The music industry has too many zero-sum games:

- Record labels compete for market share

- Artists compete for chart positions and playlist placement

- Consumers pay a set price for an all-you-can-eat buffet of music

Despite the industry’s growth in the streaming era, success can feel limited. Musicians are some of our most powerful cultural icons, but only a handful have captured the true value of all their influence.

Superstars like Jay Z, Madonna, and Rihanna are doing it. Nipsey Hussle had the mentality and was on his way. But these are all exceptions to the norm.

The challenge is three-fold. It’s how the current system is designed, which impacts how performance is measured, and which then dictates innovation. And while “web3 fixes this” is a common narrative for the solution, there’s more to it than that.

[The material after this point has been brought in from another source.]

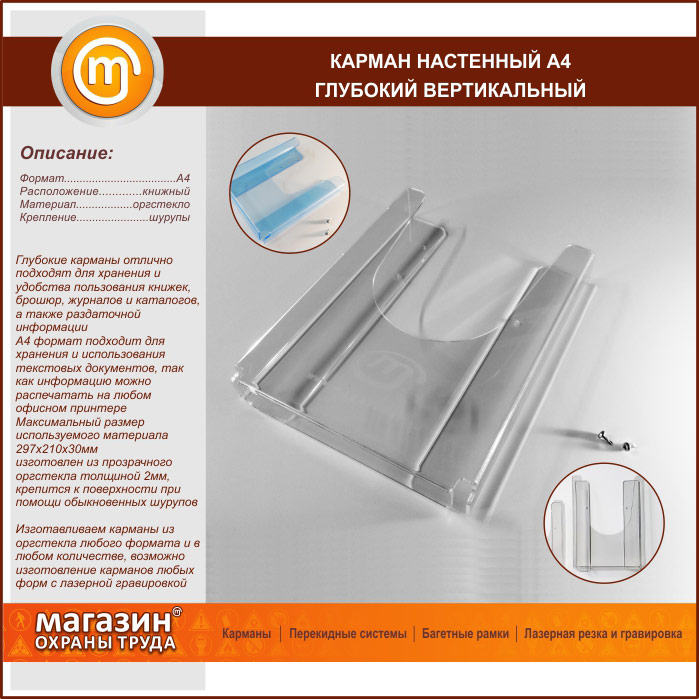 Карман настенный А4 объемный вертикальный в Ижевске купить

How the system is designed

Last year, Andreessen Horowitz partner Chris Dixon posted a thread about why recorded music revenue (when adjusted for inflation) hasn’t grown alongside new technologies. He compared it to gaming, where revenues have skyrocketed due to in-game purchases made in free-to-play games like Fortnite and Roblox. His point is that the music industry focused too much on how to monetize and protect its content, and hasn’t focused enough on how to monetize things the content enables.

The comparison is thought-provoking and has some truth to it, but there are a few points to mention. First, it was much harder to share a bootleg copy of a video game than a song. If gamers could have shared peer-to-peer files to play Nintendo 64’sGoldeneye 007 via Napster as easily as they could with an mp3, there would have been more lawsuits than James Bond movies.

Second, video game revenue includes more of its broader ecosystem. Gaming’s top line revenue number includes someone who bought NBA 2K23 on PS5, a new Fortnite skin, or an in-app feature in Candy Crush. Meanwhile, recorded music revenue doesn’t include revenue from live performances, product sales, or other areas that are directly related to an album’s release. These areas often fall under other industries, which limits the perception of how much money is really made.

Live Nation is breaking revenue records, largely due to musicians performing on stage. This needs to be brought into the overall narrative.

How performance should be measured

Profitability would be the best measure of success for the music industry. If all the business lines are included—music, live, merch, product sales, NFTs, multimedia, etc—then what’s the overall revenue minus costs?

But companies don’t share that data unless they have to. No record label wants to admit that a highly-regarded album was actually a setback. No events promoter or artist wants to admit that they are not selling enough tickets. This isn’t the film industry, where movies are required to disclose budgets for filming permits or tax benefits. Instead, the music industry often relies on album sales, which is limiting.

A few years ago, former Forbes editor Zack O’Malley Greenburg shared how Michael Jackson made $134 million in revenue in the two years after *Thriller.* It added more context to the highest-selling album of all time! It would be great to know the cost of Thriller as well, but it’s still a step in the right direction.

This line of thinking can also help artists, especially hip-hop artists, think bigger than first-week album sales. Sure, Chance The Rapper was mocked after the sub-par commercial and critical performance of 2019’s The Big Day. But he owns his masters and publishing, so he took home more money than a lot of other artists who brag about going #1.

How this shapes innovation

Once the perceived benchmarks of success are linked to outcomes that matter, it’s easier to position products that solve the right problems.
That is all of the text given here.